Start of Supplied data

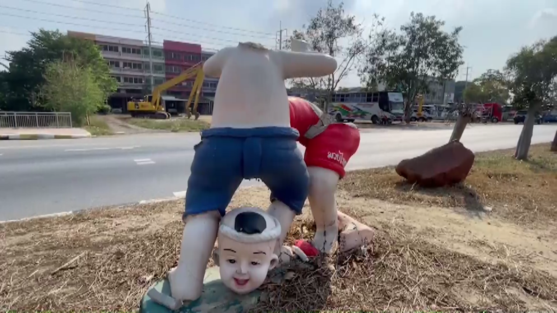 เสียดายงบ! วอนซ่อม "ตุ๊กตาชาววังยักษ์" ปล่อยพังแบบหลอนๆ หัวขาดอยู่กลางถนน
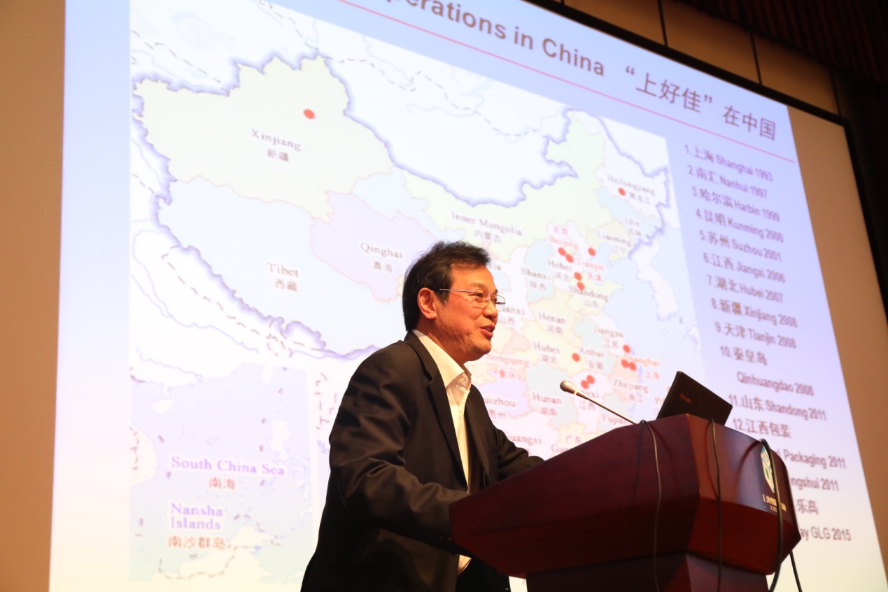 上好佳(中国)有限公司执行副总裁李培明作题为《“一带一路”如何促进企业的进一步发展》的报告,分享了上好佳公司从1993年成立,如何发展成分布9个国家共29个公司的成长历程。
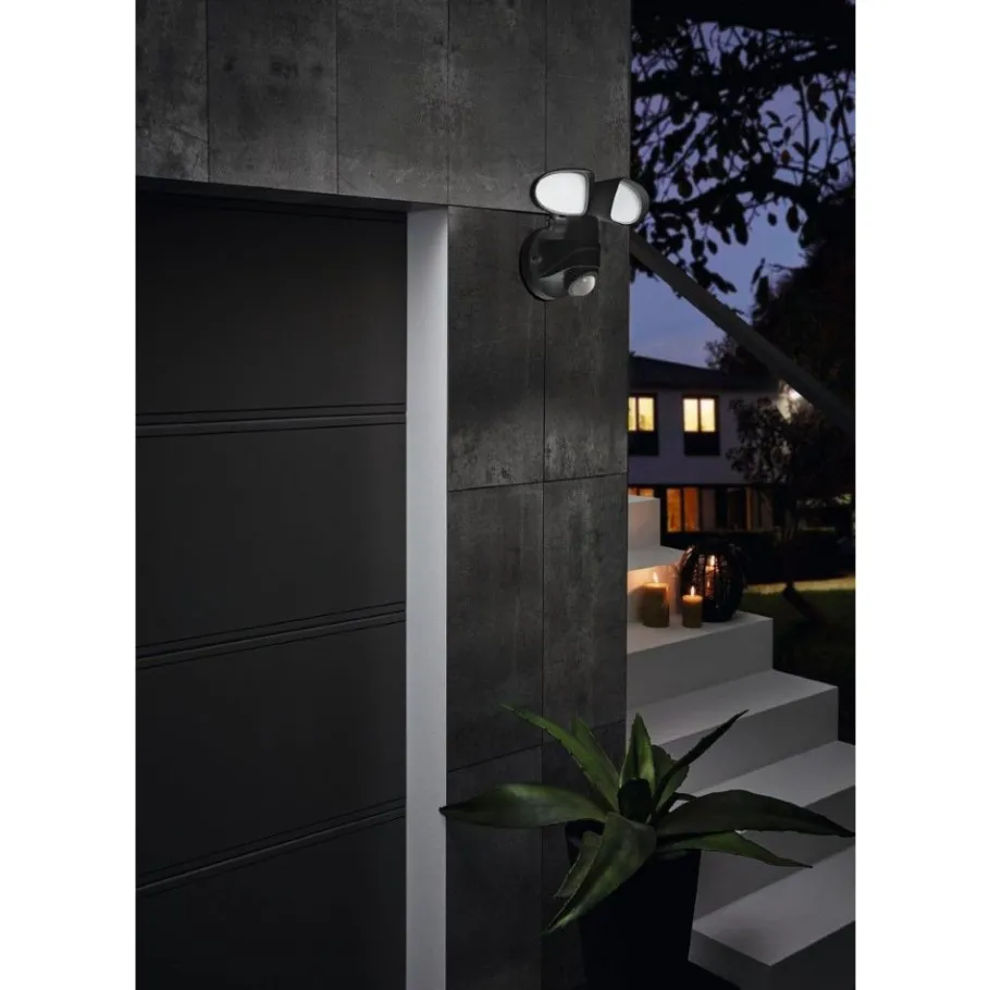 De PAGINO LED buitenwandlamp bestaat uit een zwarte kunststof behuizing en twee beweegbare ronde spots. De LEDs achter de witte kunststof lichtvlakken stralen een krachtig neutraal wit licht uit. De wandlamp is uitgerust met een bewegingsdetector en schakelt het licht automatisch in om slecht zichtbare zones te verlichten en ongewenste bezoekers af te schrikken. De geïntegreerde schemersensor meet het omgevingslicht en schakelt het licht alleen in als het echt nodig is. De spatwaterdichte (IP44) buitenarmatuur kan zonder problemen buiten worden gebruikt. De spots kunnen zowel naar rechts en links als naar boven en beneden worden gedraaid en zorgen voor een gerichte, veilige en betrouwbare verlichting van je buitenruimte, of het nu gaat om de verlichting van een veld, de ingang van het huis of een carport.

End of Supplied data

* Your instructions *
Starting with the first line of the data above, write out each line exactly up to and including the line that holds "上好佳(中国)有限公司执行副". Pictures stay out.

* Solution for this problem *
 เสียดายงบ! วอนซ่อม "ตุ๊กตาชาววังยักษ์" ปล่อยพังแบบหลอนๆ หัวขาดอยู่กลางถนน
 上好佳(中国)有限公司执行副总裁李培明作题为《“一带一路”如何促进企业的进一步发展》的报告,分享了上好佳公司从1993年成立,如何发展成分布9个国家共29个公司的成长历程。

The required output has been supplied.